── RECORD EXCERPTS ──

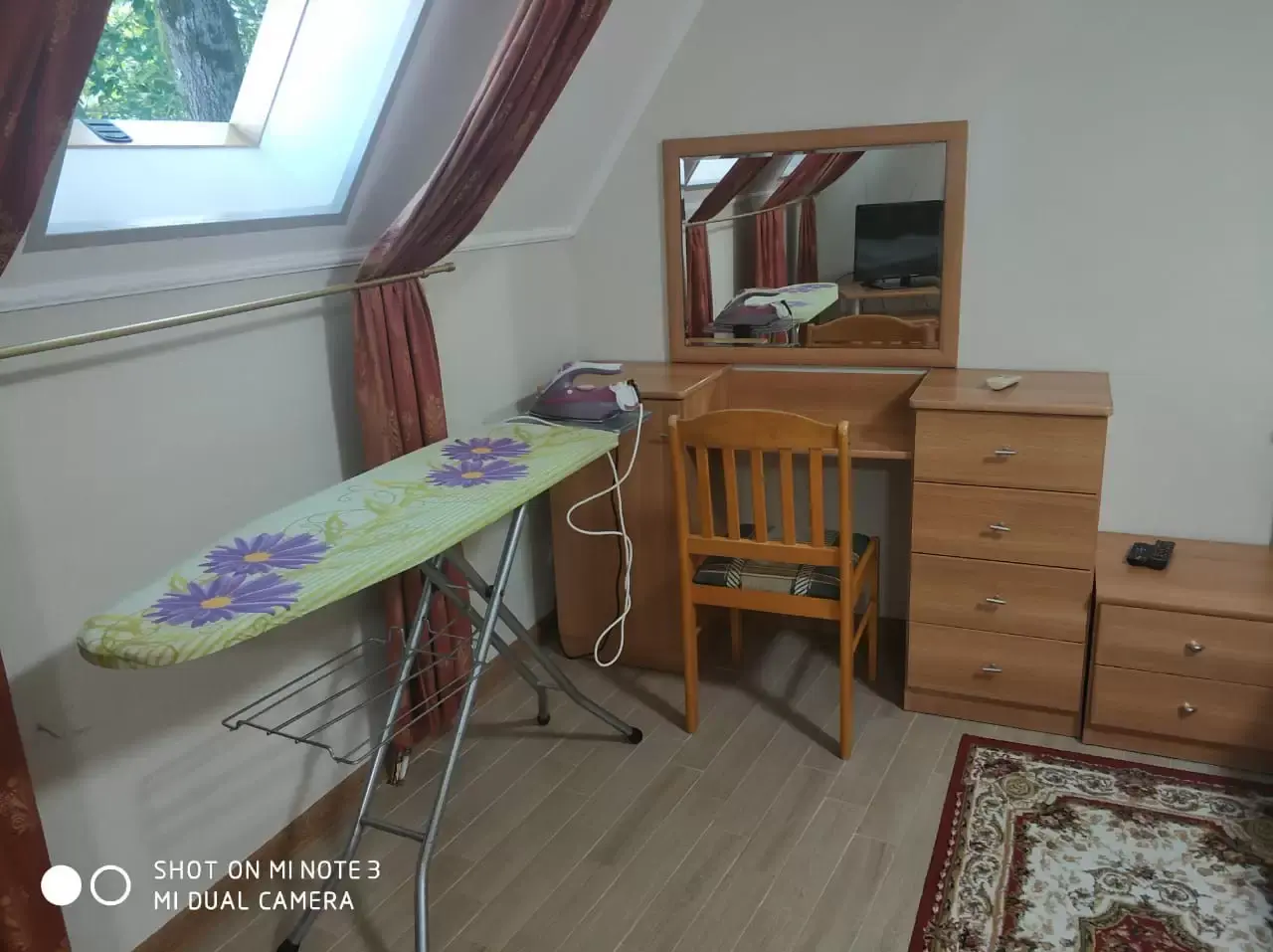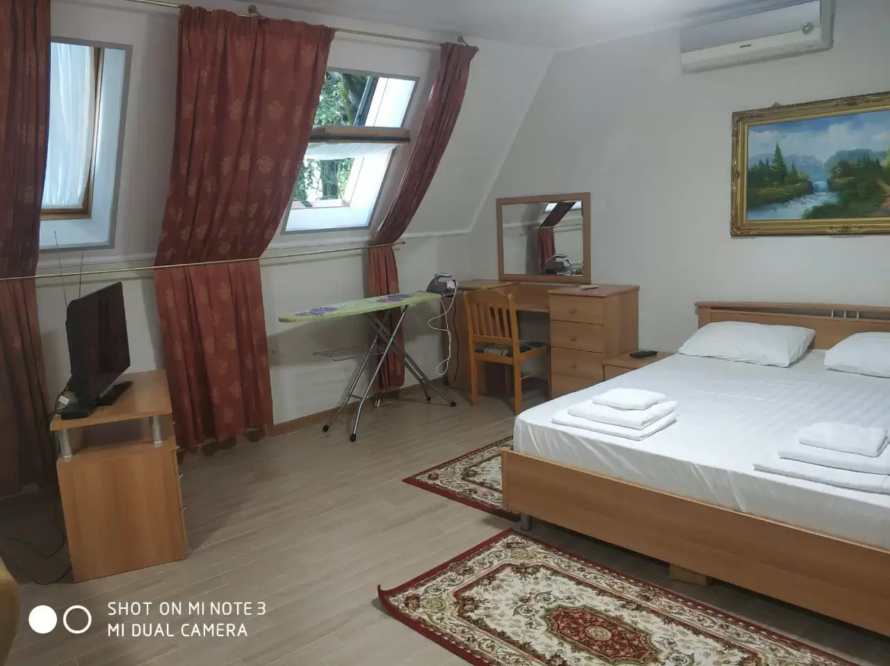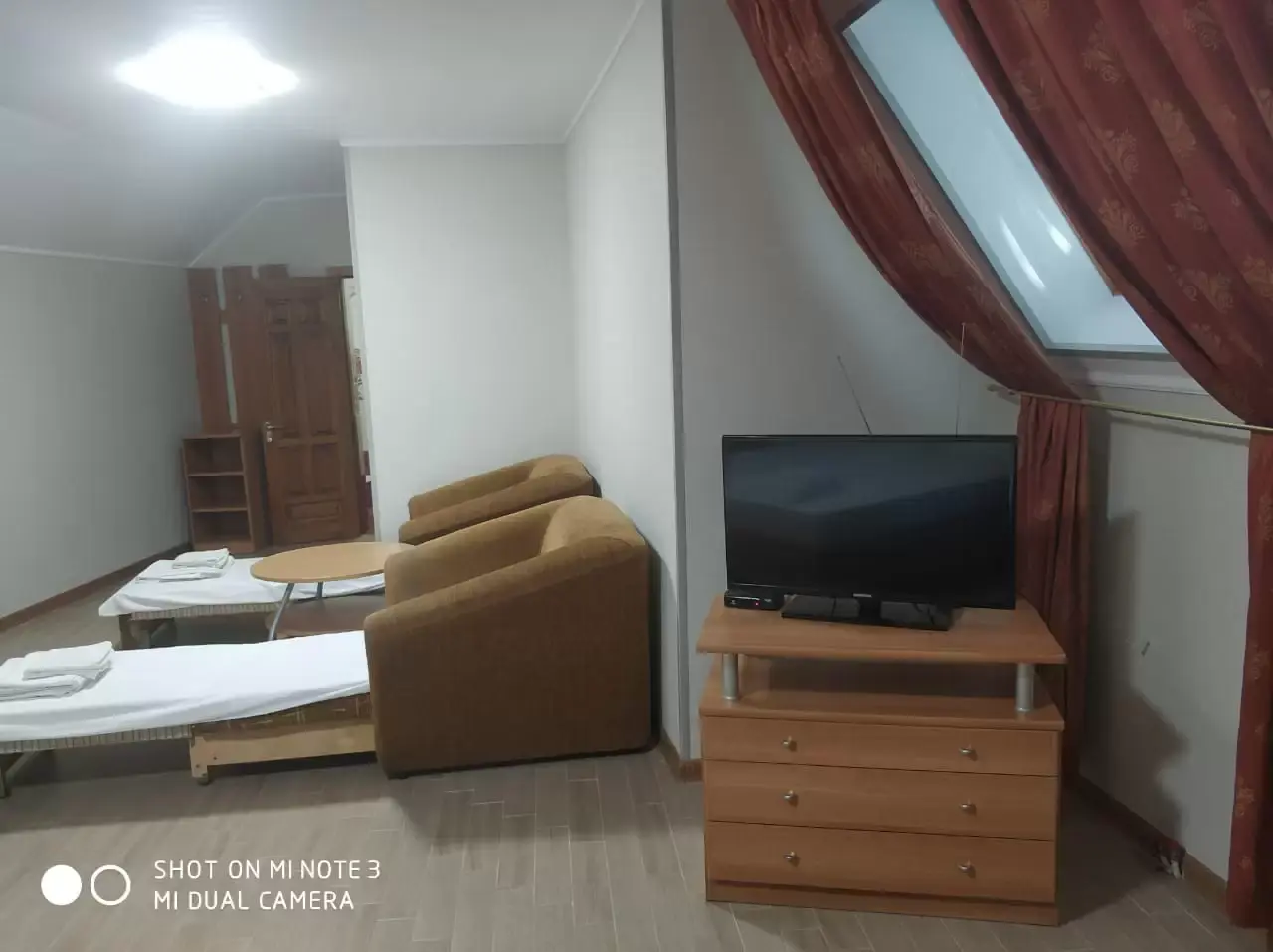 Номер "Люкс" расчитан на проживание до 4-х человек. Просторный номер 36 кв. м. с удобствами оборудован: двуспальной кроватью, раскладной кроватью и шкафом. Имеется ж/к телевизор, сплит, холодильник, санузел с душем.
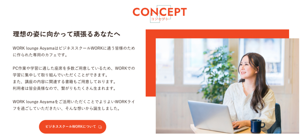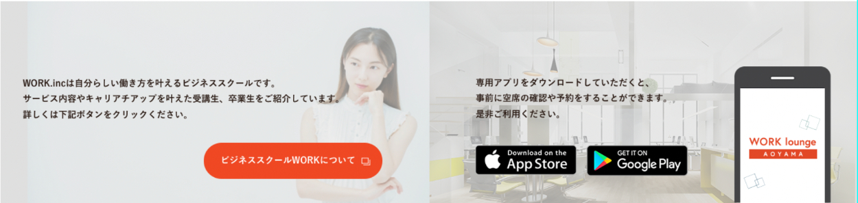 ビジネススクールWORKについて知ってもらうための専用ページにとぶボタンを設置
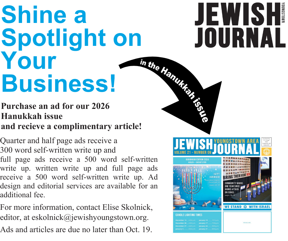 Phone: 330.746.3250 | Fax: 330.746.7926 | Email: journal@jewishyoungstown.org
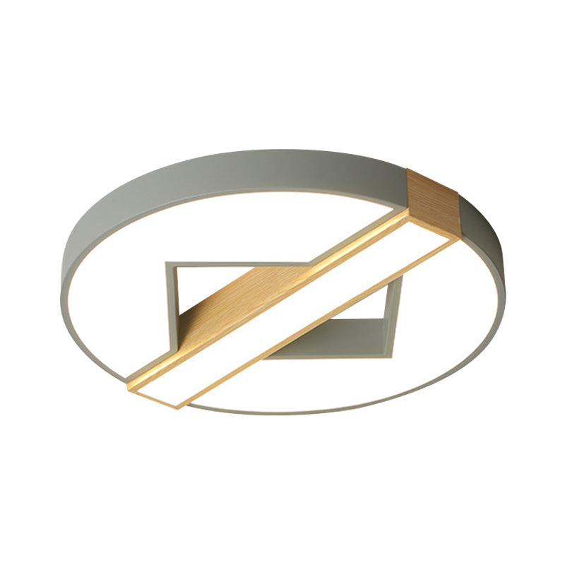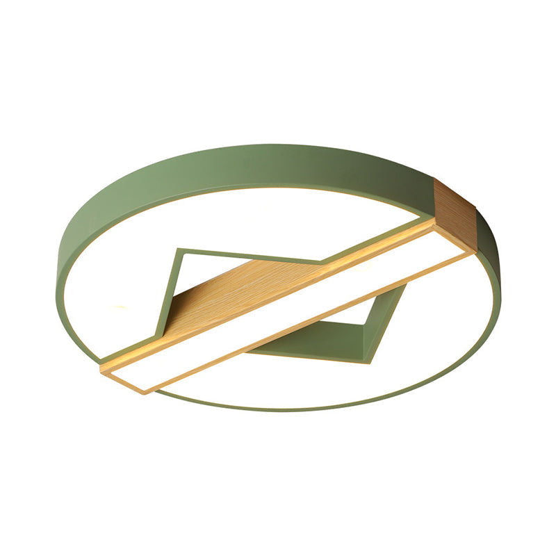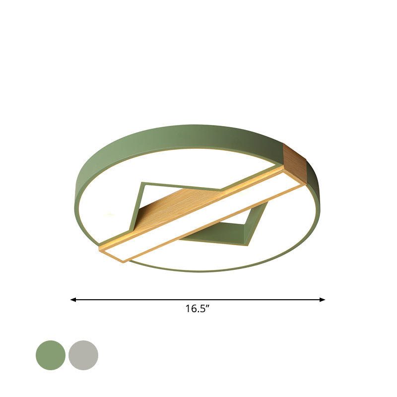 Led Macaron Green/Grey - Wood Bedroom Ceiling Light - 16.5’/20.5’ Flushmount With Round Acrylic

───
── RECORD EXCERPTS ──

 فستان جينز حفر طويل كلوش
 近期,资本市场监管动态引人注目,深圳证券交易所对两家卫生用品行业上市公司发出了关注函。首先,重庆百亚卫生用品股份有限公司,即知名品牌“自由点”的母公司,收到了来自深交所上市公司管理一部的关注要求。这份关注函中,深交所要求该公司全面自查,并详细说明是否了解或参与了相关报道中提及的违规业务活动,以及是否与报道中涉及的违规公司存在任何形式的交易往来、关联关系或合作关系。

───

#### [EXERCISE GOAL]
Skipping the pictures, print the lines in the listing above exactly as written, starting at the line with "санузел с душем." and ending at the line with "Phone: 330.746.3250 |", both included.

#### [ANSWER]
 Номер "Люкс" расчитан на проживание до 4-х человек. Просторный номер 36 кв. м. с удобствами оборудован: двуспальной кроватью, раскладной кроватью и шкафом. Имеется ж/к телевизор, сплит, холодильник, санузел с душем.
 ビジネススクールWORKについて知ってもらうための専用ページにとぶボタンを設置
 Phone: 330.746.3250 | Fax: 330.746.7926 | Email: journal@jewishyoungstown.org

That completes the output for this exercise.